Apparemment, le trio possède un goût certain pour les labels mythiques. Après avoir séjourné chez Sub Pop, il vient de signer pour Kill Rock Stars. « Now We Can See » constitue donc son nouvel opus. Un disque qui reprend les recettes gagnantes de son précédent long playing. Et avec un même bonheur. Les tubes ne sont peut-être plus aussi immédiats, mais les onze morceaux sont d’une rare cohérence. Pourriez-vous me citer d’autres formations réussissant à mêler avec autant de classe, la force mélodique de Green Day (« Liquid In, Liquid out »), la véhémence des Clash (« When I Was Alive ») et les riffs acérés de Fugazi ? Les années 90 ne sont jamais loin et la production de John Cogleton (Explosion In The Sky et Polyphonic Spree) parvient à tirer la quintessence du trio. Alors que « The Body, The Blood, The Machine » dissertait sur Dieu, ses dévots ainsi que l’administration Bush, « Now We Can See » traite de la mort. Les titres de chansons sont d’ailleurs explicites, « When I Died », « You Dissolve » et « When We Were Alive », par exemple. La mort, c’est vrai, mais sans jamais s’apitoyer sur le sujet ou en remettre une couche. Rien à jeter sur cet elpee. Même pas la très belle power ballade, « At The Bottom Of The Sea », plantée au beau milieu du tracklisting. On soulignera également l’excellente voix du chanteur, dont le timbre et parfois les inflexions rappellent Brian Molko…

The Thermals garde donc aisément le cap tout en confortant sa place au panthéon des groupes de punk rock qui comptent. Un nouveau coup dans le mille. Et puis le combo a une éthique. Il a carrément refusé l’utilisation pourtant lucrative d’une de ses chansons (« It’s Trivia »), destinée à sonoriser une publicité pour les horribles Hummer ? Respect !

 

The Thermals

The body, the blood, the machine

Écrit par

Un peu comme le dernier album de Mudhoney, la nouvelle œuvre de ce trio de Portland évoque une époque révolue du rock indépendant américain des années 90, à cheval entre le grunge, les Pixies et la conscience politique de R.E.M.. Le menu musical de « The blood, The Blood, The Machine » regorge donc de chansons rock rapides.
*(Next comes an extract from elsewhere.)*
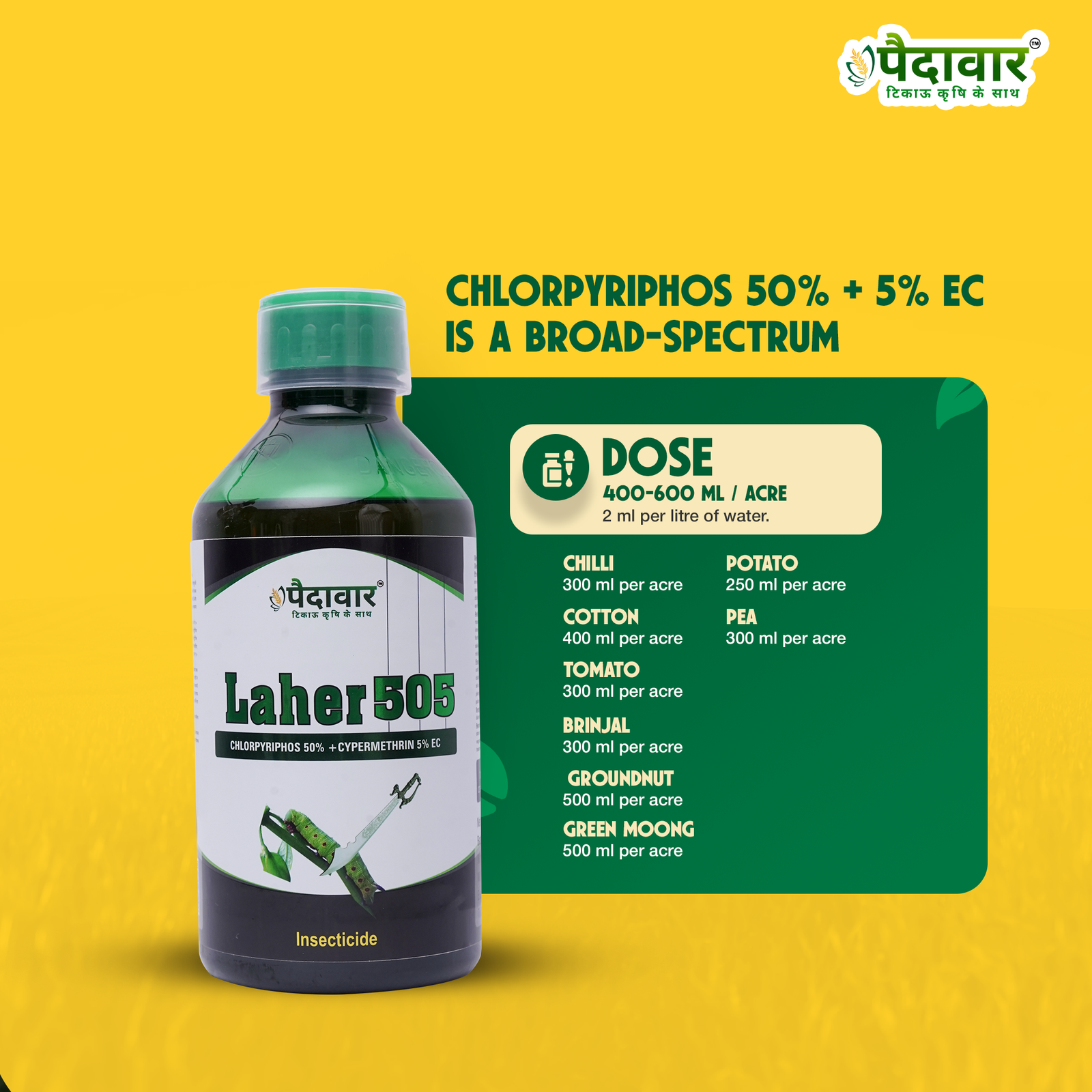 Paidavaar Laher 505 Insecticide - Chlorpyriphos 50% + Cypermethrin 5% EC
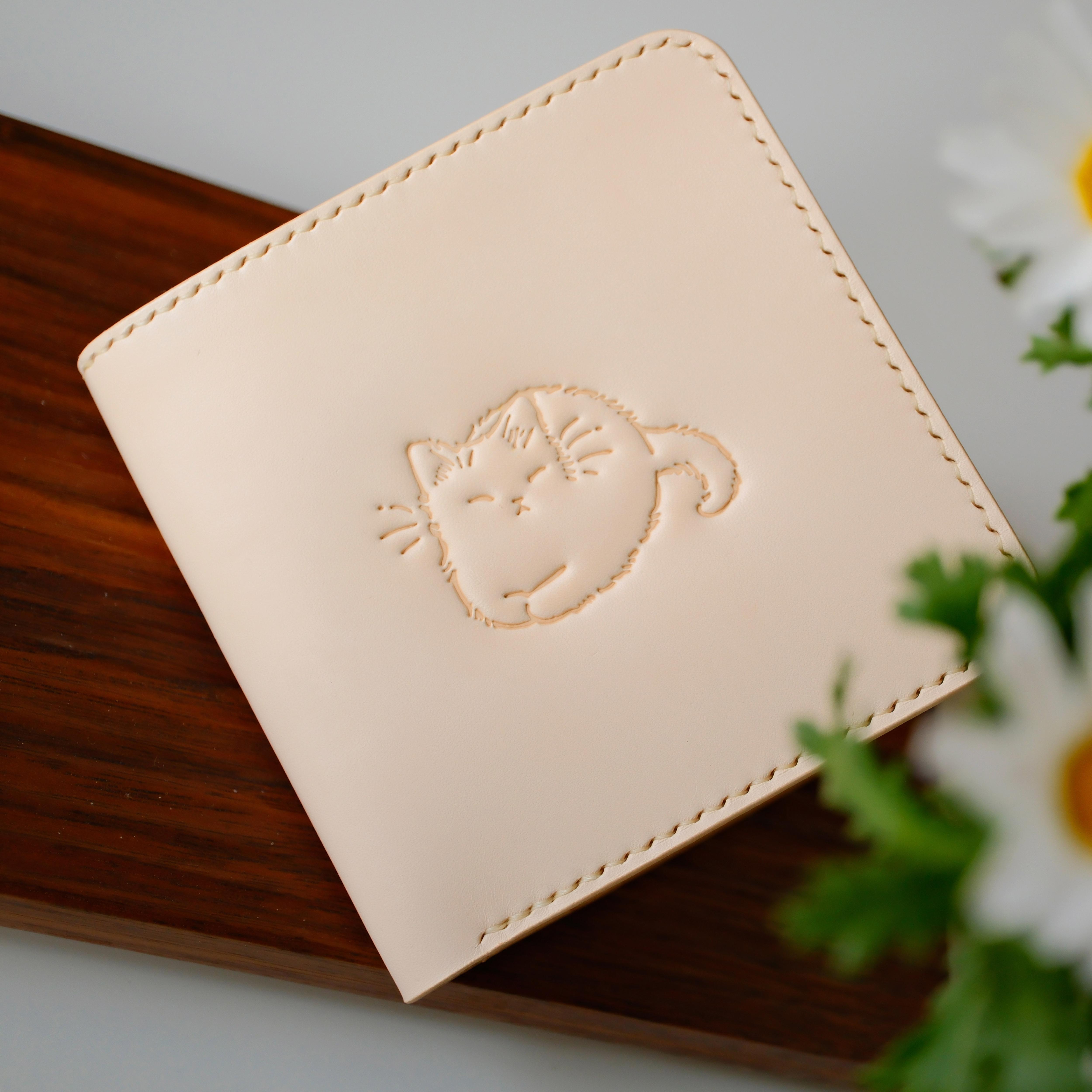 秋山手作 《猫咪》 原创手工制作头层牛皮多位卡包卡套钱包

Elles sont en outre truffées de solos de guitare, dans un style rappelant tour à tour Joey Santiago et Thurston Moore. On a cependant droit à quelques mélodies bien senties (« A pillar of Salt », « Here’s your future », « Test Pattern ») et à des remarques piquantes sur l’Amérique ultra chrétienne de Bush. Présenté sans effets de manches (NDR : assurée par Brendan Canty de Fugazi, la production est sobre et électrique), le tout n’a évidemment pas l’ambition de conquérir les ondes FM. Cette petite demie heure de rock un peu bateau mais pas désagréable est néanmoins ternie par la voix un peu trop nasale de Huth Harris (NDR : elle finit par lasser !) Quoique de bonne facture, « The Body, The Blood, The Machine » n’a, en outre, aucune caractéristique vraiment marquante ou mémorable. On le conseillera donc uniquement aux acharnés du genre.

 

 

The Thermals

More Parts Per Million

Ces derniers mois, Sub Pop revient joliment à la charge, alors qu'on croyait le label en perte de vitesse depuis la fin des 90's : Hot Hot Heat, Kinski, Fruit Bats, Pleasure Forever, et maintenant ces quatre rockeurs de Portland, déjà nos amis. The Thermals qu'ils s'appellent, et leur musique est chouette : du garage-punk DIY enregistré sur un quatre-pistes dans la cuisine du chanteur. Eux préfèrent qu'on décrive leur rock vintage comme du " No-fi " : d'accord, mais paraît qu'il faut les contacter pour employer leur vocabulaire… Et si c'était de l'antigarage ? Ces distorsions constantes, du chant (entre John Lyndon et Jeffrey Lee Pierce), des guitares et de la batterie (une casserole ?) : on croirait presque entendre les Moldy Peaches jouer du punk ou les Buzzcocks répéter dans un tambour de séchoir (qui tourne vite). En à peine une demi-heure, The Thermals saccagent le rock, salissent le punk et tabassent le grunge : une vraie tuerie. Tout cela, n'empêche les maux de tête et les baffles qui grésillent, se déguste avec joie. ‘Very fucking listenable’, comme ils le disent eux-mêmes.